What happens with the "I'll build everything from scratch" apps is they are oftentimes not easy to understand, different patterns end up being used, 3rd party packages get slapped on ad-hoc and over time it just becomes a frankenstein. Much better to start with a hard set of rails that follow a set of conventions you just have to learn once.

The whole "I can move faster" without a framework is just an illusion that appears at the beginning of building an app. It will quickly disappear as more devs and complex code features are requested.

3 comments

Yeah this is the positive side of the double-edged sword of frameworks.

Without Spring, you would have every team rebuilding the database layer in 100 different ways. With 100 shoddy attempts at documentation.

So for better or worse, having one framework-standard way to interact with the database, modify headers, or do any number of standard tasks makes life easier even if it enshrouds the underlying system in abstraction and layering.
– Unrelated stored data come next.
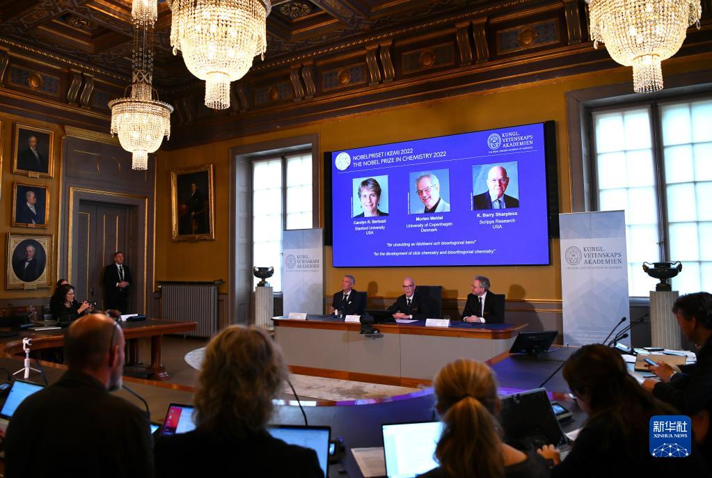 瑞典皇家科學院5日宣布,將2022年諾貝爾化學獎授予美國科學家卡羅琳·貝爾托齊、卡爾·巴里·沙普利斯和丹麥科學家莫滕·梅爾達爾,以表彰他們在發展點擊化學和生物正交化學方面的貢獻。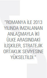 Romanya ile 2013 yılında imzalanan Stratejik Ortaklık Belgesi’yle iki ülke arasındaki ilişkiler, stratejik ortaklık seviyesine yükseltildi. Romanya’ya yönelik başlıca ihraç ürünlerimizi tekstil, demir-çelik, kara taşıtları, enerji üreten makine ve cihazlar oluştururken; ithalatımızda ise metal cevherleri, demir-çelik, ham petrol ürünleri ve kara taşıtları öne çıkıyor. 2015 yılının ilk altı ayında ihracatımız 1,33 milyar dolar, ithalatımız da 1,4 milyar dolar olarak kaydedildi. Romanya’nın Balkanlar ve Ortadoğu’daki en büyük ticaret ortağı olan Türkiye; İtalya, Almanya ve Fransa’nın ardından Romanya’nın dördüncü büyük ihracat pazarıdır. Romanya’daki Türk yatırımları, üçüncü ülkeler üzerinden gelenlerle beraber toplam 6 milyar dolara ulaştı. Halihazırda Romanya’da 7 bin civarında Türk firması aktif olarak faaliyet gösteriyor. Romanya’da bugüne kadar 90 Türk müteahhitlik firması tarafından yaklaşık 6,2 milyar dolar tutarında proje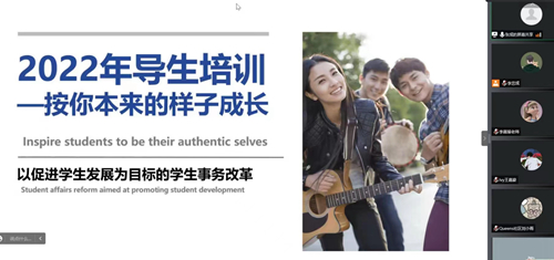 9月4日上午,西安欧亚学院2022级导生岗前培训及导生换届大会在线上举行,学生发展处处长助理张成老师、李嘉瑜老师、2022级新生辅导员及导生团队百余名师生参与本次导生岗前培训。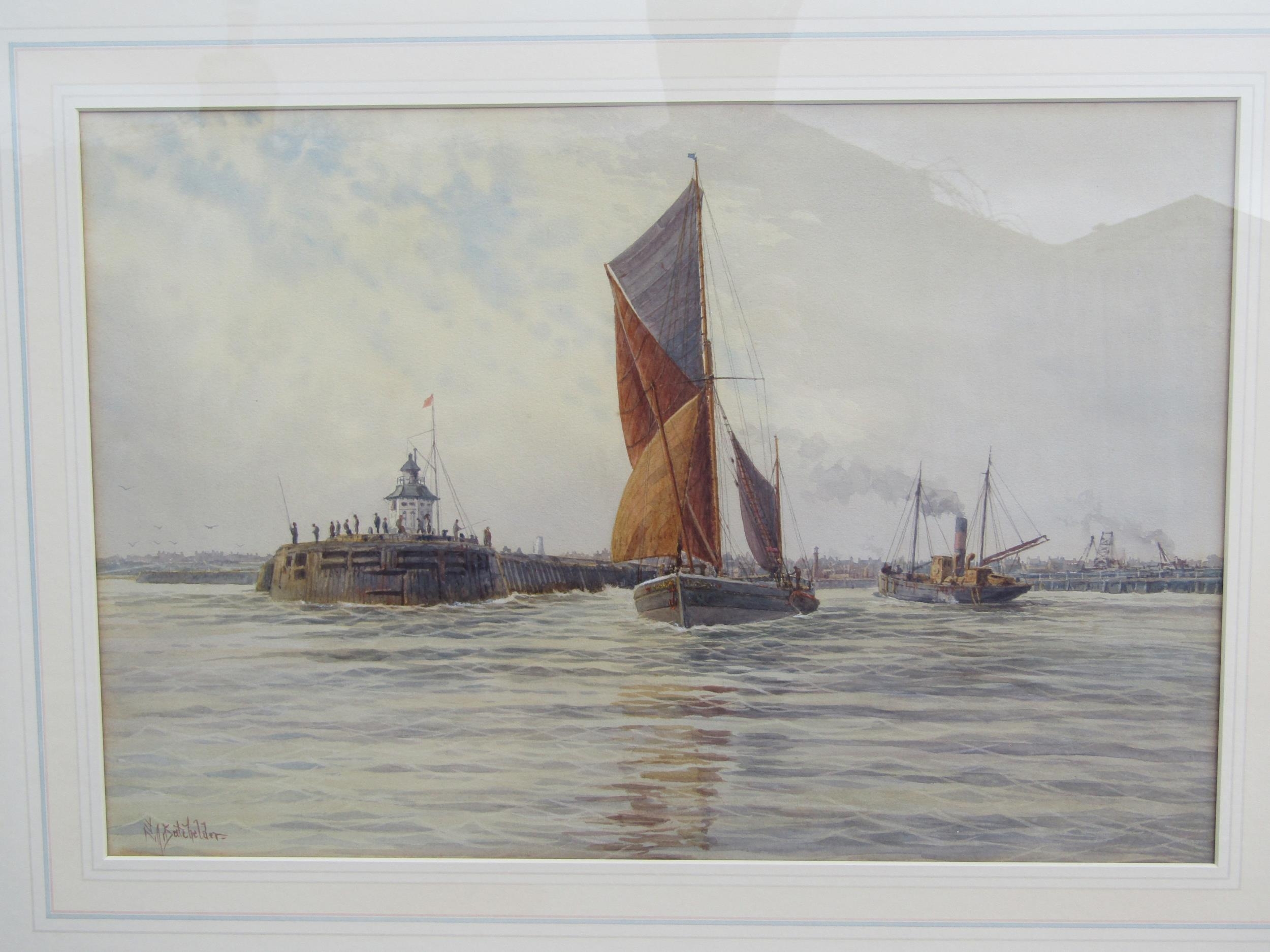 STEPHEN JOHN BATCHELDER (1849-1932) Fishing boat and wherry in harbours mouth, watercolour, 35cm x 52cm

Keeping dependencies and standards in check to keep apps maintainable is important, and I agree that if you don't start with a big framework then there is more potential for it.

I have to say it's not something I've experienced in practice, mainly because the teams I'm on take such things seriously, but YMMV.

The whole "I can move faster" with a framework is also just an illusion that appears at the beginning of building an app. It will quickly disappear as more devs who do all have a different idea about how the framework should be used put their hands on it and as more complex code features are requested that the framework does not support.